F-I-N-E. The most commonly used word in small talk that actually carries the heaviest of weights when said a lot. We convince ourselves we are fine. We tell everyone we’re fine in order to slowly convince ourselves that we are in fact fine. But such a small one syllable word is said faster than our brain can even interpret or stop to evaluate. We toss it out in conversation with the knowledge of what our ancestors went through. We understand that things could be worse and sometimes we even dwell long enough that the worst becomes our own reality.

Humans are innately designed to be pessimistic and hesitant to new ideologies. Not by choice, but because this pessimism was once used to scare us away from danger so that we may survive. Survive to reproduce and carry on the human race. But here we are. And now we’re fine.

We have grouped together and dominated the globe for long enough that what would’ve been fine for our ancestors is now viewed as basic necessities or expected human rights. But this doesn’t mean we are in fact fine, does it? When walking into work on a Monday morning and you notice a coworker coming your way: “Hey how’s it going?” they say, to which we always respond “fine, and you?”. Because most of our parents instill gratitude into our personalities, we know to be grateful. Besides, gratefulness is the first step towards optimism. However, the word fine was just a mask for us to disguise the spaghetti of thoughts we have from our daily burnouts and overwhelming tasks.

Burnouts one after another, getting short, being overwhelmed, overstimulated, and anxious as hell. There is no escape from the mental prisons we build one negative thought-bar at a time. Why do we still insist on putting ourselves through this and disguising it as “fine”. What do we gain past the status of appearing strong when times are hard. I said earlier, we as a race, dominate the globe and changed our daily struggles into basic necessity and expected human rights but it still feels as we have a long way to go.

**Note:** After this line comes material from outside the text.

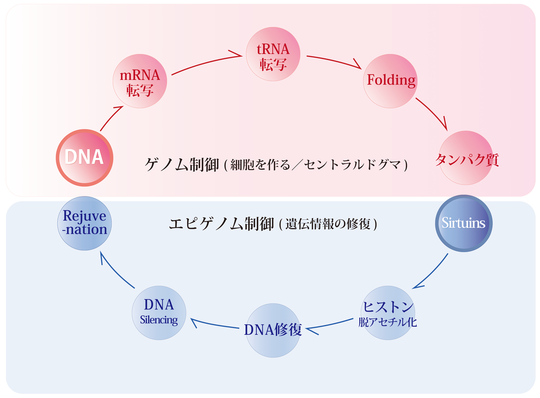 遺伝子DNAの塩基配列、すなわち「ゲノム(GENOME)」は、生命の「基本設計図」として細胞構造の生成やタンパク質合成に直接関わっています。一方で、「エピゲノム(EPIGENOME)」は遺伝子に付与される「化学修飾」であり、DNAの転写制御に影響を与えます。2019年には、私たちの研究チームの藤林万里子と宇野克明という両研究医が、この二つの相互作用に着目し、「GENOME/EPIGENOMEサイクル」という新たな概念を初めて提唱しました。そしして、この概念の提唱をきっかけに、新たな若返りの総合対策として、「NEO AGING(ネオエイジング)」の研究が始まったのです。
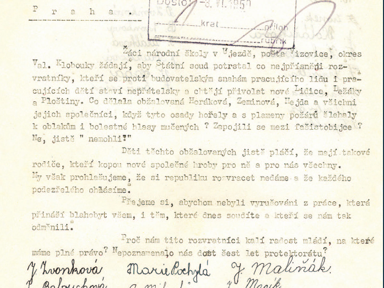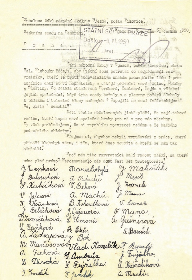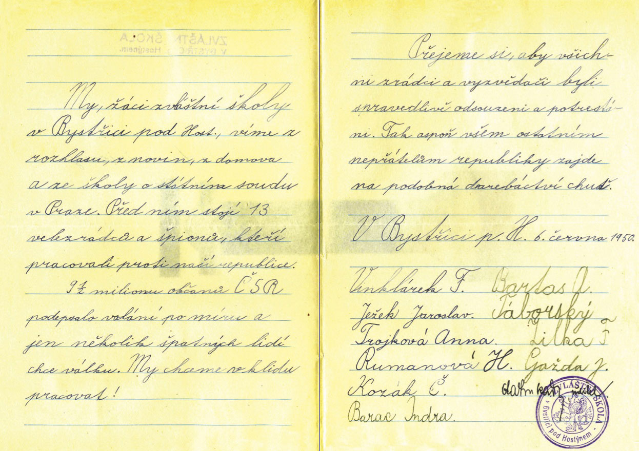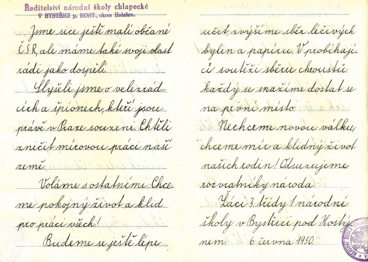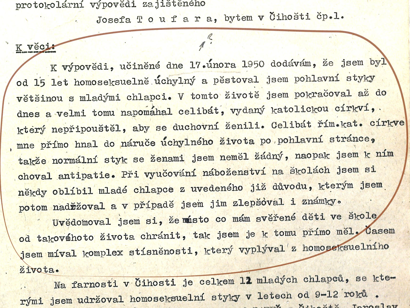 Pokud jde o homosexuální chování, nikdy jsem ho nevypozoroval, doteky mohly být náhodné. Nikdy nedošlo výslovně k pohlavnímu dráždění, nebo k onanování. Zápis byl formulován vyslýchajícími a mně byl předložen k podpisu. Jednáním jsem byl tak zastrašen, že jsem vůbec nevěnoval pozornost tomu, co mně bylo předloženo k podpisu. K tomu podotýkám, že nebyl přítomen žádný z rodičů ani z učitelů. Při výslechu na mě také naléhali v tom smyslu, že můj výslech bude mít vliv na můj další život. Událost se odehrávala v období, kdy probíhaly represe vůči zemědělcům v kraji, kupříkladu různá vystěhování ve vesnici a vesnicích sousedních.“

Every problem has a solution, but we are so caught up in constantly circling our daily tasks that now our daily tasks are an indicator of our mental health. Letting chores slide in order to focus on work? That’s fine. Letting family, friends, and the ones we love slip through our fingertips in order to be able to process the stressors from work? That’s fine. Giving up on your hobbies and things that brought joy to your life because you are in desperate need of some silence and rest? That’s fine.

Are you noticing the trend here yet? Let’s do away with fine. Let’s do away with allowing those we care about to reply “fine”. Let’s end the stigma that you’re weak if you share how you truly feel. Let’s all redefine and make a better “F-I-N-E”.